Different countries will have their own rules for determining whether a taxpayer is a “resident” of that country for tax purposes. It is important to note that one’s citizenship does not factor into whether the person is a “tax resident” of a country (unless you are a United States or Eritrean citizen).
For South African tax purposes, the difference between a “resident” and a “non-resident” is, in theory, simple.
A tax resident is subject to tax in SA on all amounts derived from worldwide sources – even if they pay tax in another country. A tax non-resident is only subject to tax in SA on amounts that arise from sources within the country.
An individual is considered a “tax resident” if they meet one of two so-called “tests” outlined in the Income Tax Act: the “ordinarily resident test” and the “physical presence test”. These “tests” consider various factors, such as one’s ties to SA and time spent within SA during a tax year, respectively.

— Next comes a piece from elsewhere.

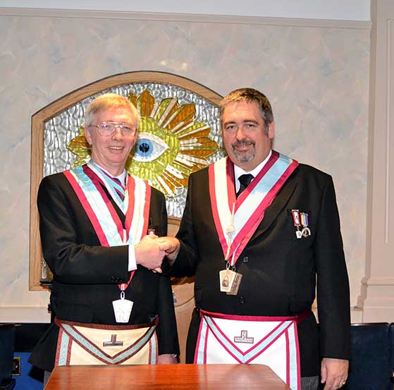 Gareth congratulates John on his Installation into Westhoughton Mark Lodge |

When a South African taxpayer wishes to relocate to another country, it is important that they formally cease their tax residency with SARS. The burden of proof is on the taxpayer to confirm with SARS that they are no longer ordinarily resident in SA. If this is not done, the taxpayer is still treated as a South African tax resident, remaining subject to tax on worldwide income.
What Options Do Expats Have?
Expats will generally have a range of options available to them in mitigating or nullifying South African tax liability on their foreign income, or other foreign-sourced amounts. While it is difficult to cover all potential avenues for tax planning, the most common approaches can be summarised as follows:
- Remain a South African tax resident, declare foreign income to SARS, and claim up to R1.25 million exemption for employment income earned in relation to workdays spent outside South Africa; or
- Cease to be a South African tax resident, which can be done either on the basis of –
- the taxpayer’s intention to permanently live outside of SA thereafter, in terms of the domestic tests for tax residency (as mentioned above); or
- an intention to permanently return to SA in the future, provided the country in which the taxpayer is living, with which SA has a Double Tax Agreement (“DTA”) also treats them as a tax resident under its domestic tax laws.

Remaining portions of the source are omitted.